1. Floating Equilibrium:
The piece of wood floats upright because the buoyant force exerted by the water balances the total weight of the wood and attached lead. Since part of the wood remains above the water, we calculate the submerged volume and use Archimedes’ principle.

2. Importance of the Lead Weight:
The wood itself is not heavy enough to stay upright with the required portion out of the water. By attaching lead at the bottom, we lower the center of gravity, making the floating object more stable and achieving equilibrium.

3. Volume of Lead:
The small volume of lead found here indicates that a high-density material (lead) is effective for adjusting buoyancy with minimal material.

4. Archimedes’ Principle Application:
The total weight of the system must equal the buoyant force exerted by the displaced water. Since fresh water has a density of 9810 N/m³, we use this value to determine the necessary lead volume.

Physical Meaning

1. Stability of Floating Objects:
In real-world applications, boats, ships, and floating structures need to maintain stability. By adjusting the weight distribution, such structures can achieve a desired floating position.
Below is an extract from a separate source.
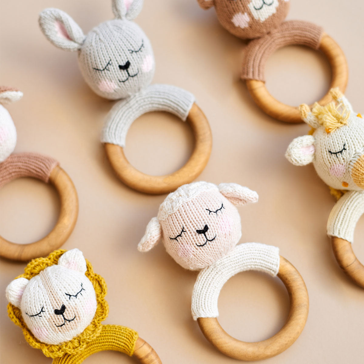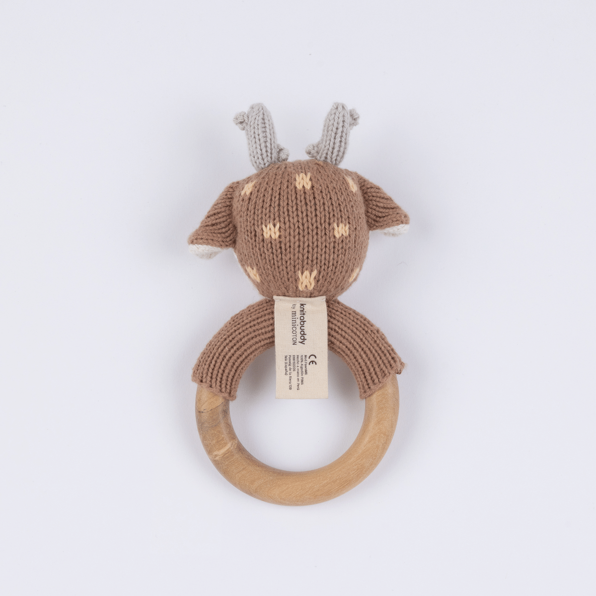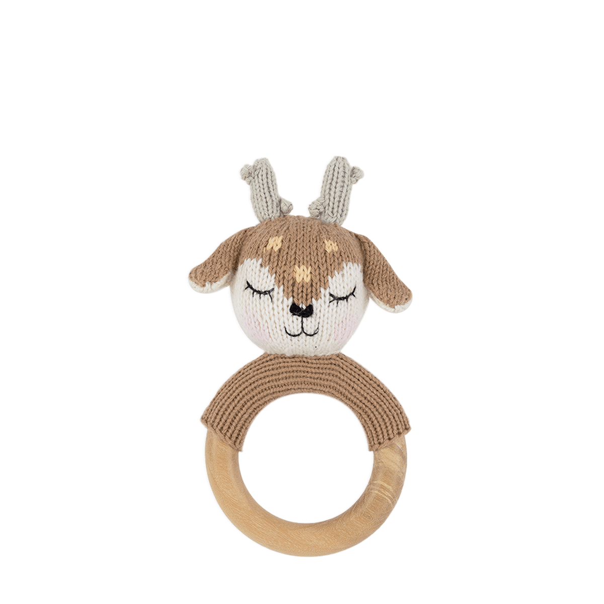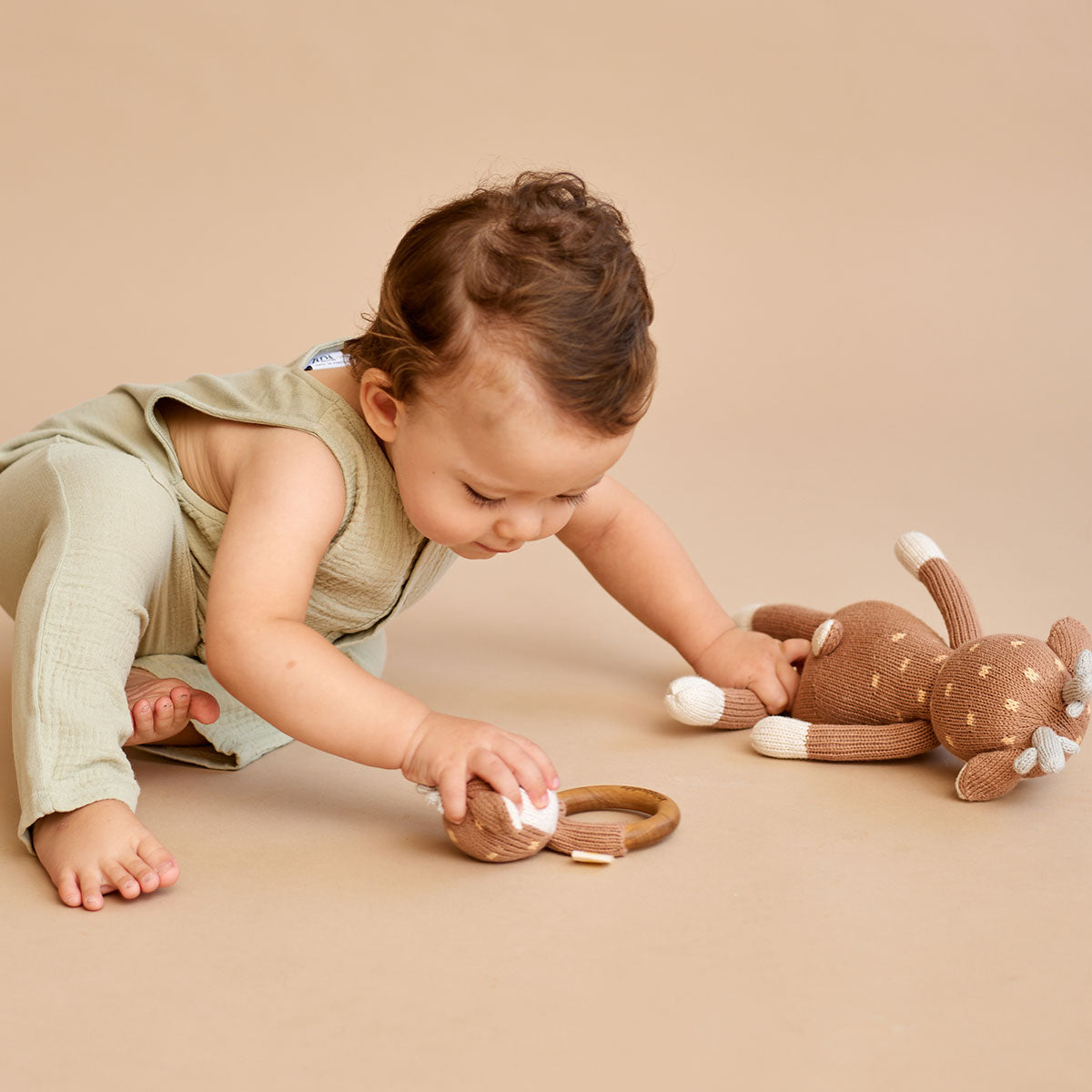 Olivia. The deer teether handcrafted with 100% organic PIMA cotton, Oeko-Tex 100 certified and filled with hypoallergenic recycled polyester. Non-toxic eco-friendly dyes. Suitable for sensitive skin.

2. Use of High-Density Materials:
Lead is often used in ballast applications because it has a high density and allows for fine-tuning the buoyancy of a floating object without adding too much volume.

3. Engineering Considerations:
Engineers must consider the weight distribution and buoyancy of floating structures to prevent tipping and ensure they remain upright in water.